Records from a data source
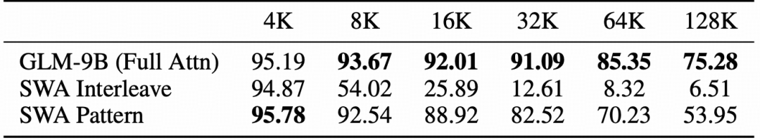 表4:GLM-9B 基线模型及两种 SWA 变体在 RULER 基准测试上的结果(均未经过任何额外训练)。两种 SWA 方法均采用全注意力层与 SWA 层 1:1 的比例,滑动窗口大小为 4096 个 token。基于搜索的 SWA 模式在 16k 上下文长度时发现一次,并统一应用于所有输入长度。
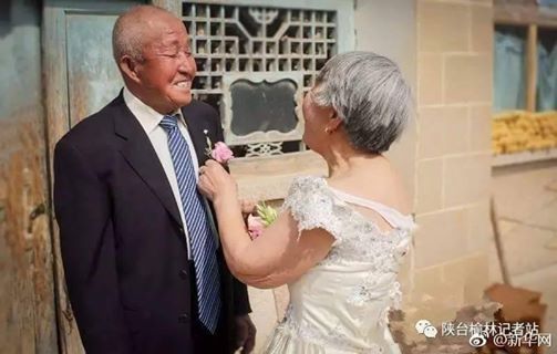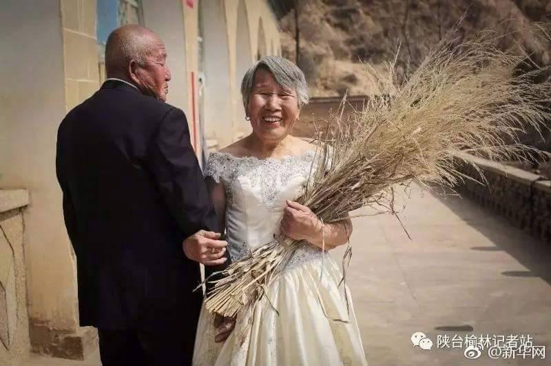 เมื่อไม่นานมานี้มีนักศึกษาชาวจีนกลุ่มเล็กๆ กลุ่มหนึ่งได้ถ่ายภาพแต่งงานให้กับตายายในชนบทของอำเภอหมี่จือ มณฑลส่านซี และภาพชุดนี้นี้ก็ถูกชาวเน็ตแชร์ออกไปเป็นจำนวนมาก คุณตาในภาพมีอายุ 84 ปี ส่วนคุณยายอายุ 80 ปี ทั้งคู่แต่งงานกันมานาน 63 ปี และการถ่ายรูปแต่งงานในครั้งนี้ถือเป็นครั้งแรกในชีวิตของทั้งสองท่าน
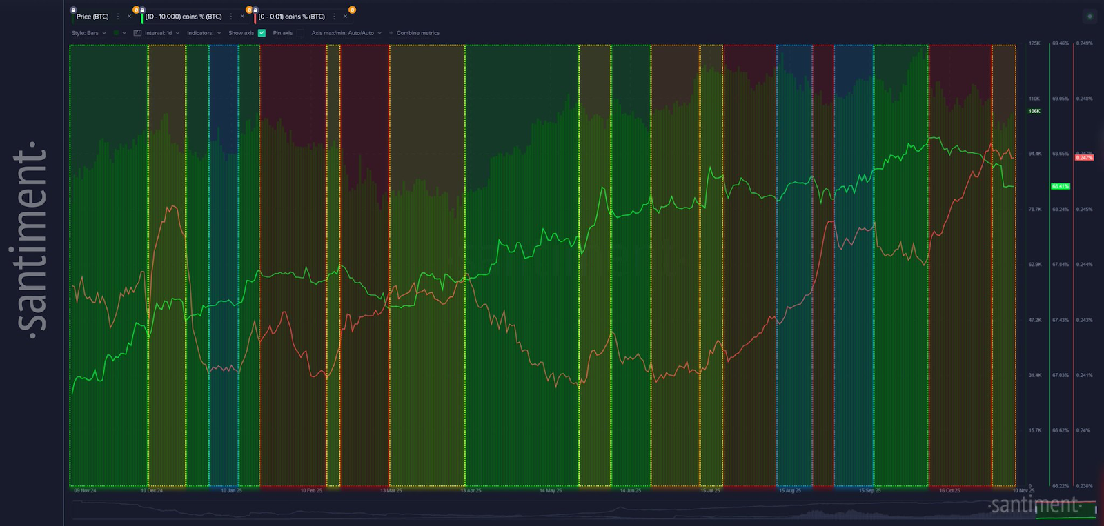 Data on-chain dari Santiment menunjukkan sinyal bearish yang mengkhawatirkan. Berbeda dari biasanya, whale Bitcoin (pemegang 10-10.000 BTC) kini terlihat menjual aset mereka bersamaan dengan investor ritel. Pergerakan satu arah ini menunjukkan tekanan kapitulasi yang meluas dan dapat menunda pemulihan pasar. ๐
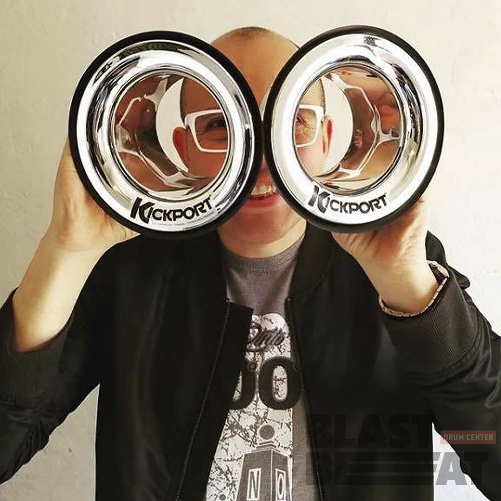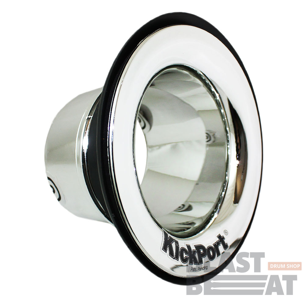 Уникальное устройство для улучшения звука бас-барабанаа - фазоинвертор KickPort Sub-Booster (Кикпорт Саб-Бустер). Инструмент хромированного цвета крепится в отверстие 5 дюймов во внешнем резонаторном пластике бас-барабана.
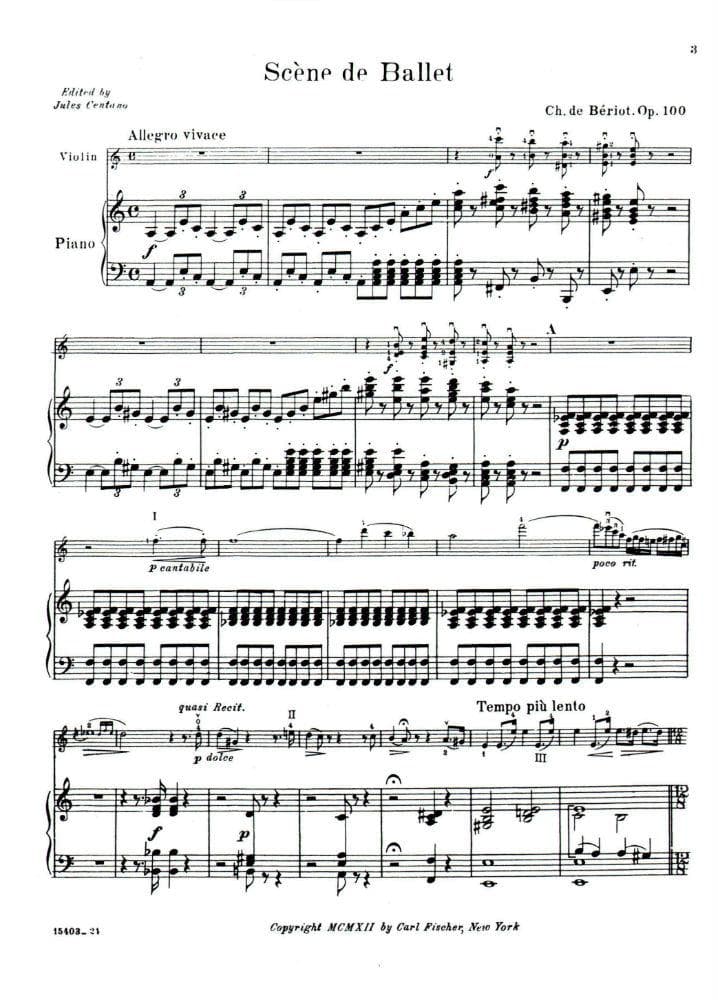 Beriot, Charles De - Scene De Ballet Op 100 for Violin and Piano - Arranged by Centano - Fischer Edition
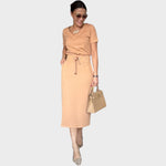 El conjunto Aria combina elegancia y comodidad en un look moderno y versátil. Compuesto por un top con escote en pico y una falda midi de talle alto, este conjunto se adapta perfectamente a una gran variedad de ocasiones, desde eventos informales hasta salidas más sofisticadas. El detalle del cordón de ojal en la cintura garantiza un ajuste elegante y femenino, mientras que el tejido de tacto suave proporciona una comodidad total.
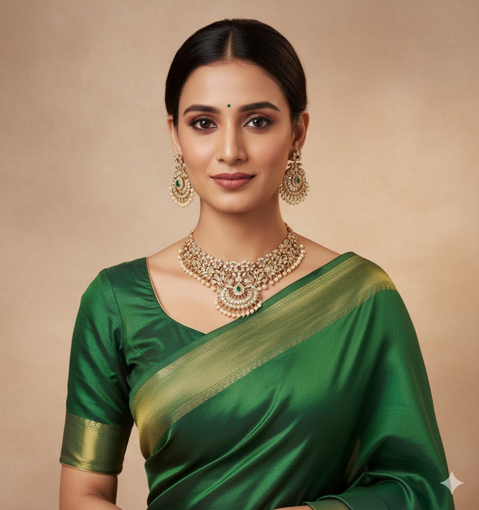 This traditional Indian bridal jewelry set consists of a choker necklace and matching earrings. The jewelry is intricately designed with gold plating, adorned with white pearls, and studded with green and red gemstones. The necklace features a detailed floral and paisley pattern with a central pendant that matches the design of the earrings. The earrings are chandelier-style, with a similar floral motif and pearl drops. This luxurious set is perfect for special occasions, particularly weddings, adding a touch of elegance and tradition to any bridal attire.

▶ _ABOUT THIS EXERCISE_
Among the entries above, locate the line with "Data on-chain dari" and the line with "Beriot, Charles De". Give those two lines and all lines between them again, exactly, leaving out the pictures.

▶ _EXERCISE RESULT_
 Data on-chain dari Santiment menunjukkan sinyal bearish yang mengkhawatirkan. Berbeda dari biasanya, whale Bitcoin (pemegang 10-10.000 BTC) kini terlihat menjual aset mereka bersamaan dengan investor ritel. Pergerakan satu arah ini menunjukkan tekanan kapitulasi yang meluas dan dapat menunda pemulihan pasar. ๐
 Уникальное устройство для улучшения звука бас-барабанаа - фазоинвертор KickPort Sub-Booster (Кикпорт Саб-Бустер). Инструмент хромированного цвета крепится в отверстие 5 дюймов во внешнем резонаторном пластике бас-барабана.
 Beriot, Charles De - Scene De Ballet Op 100 for Violin and Piano - Arranged by Centano - Fischer Edition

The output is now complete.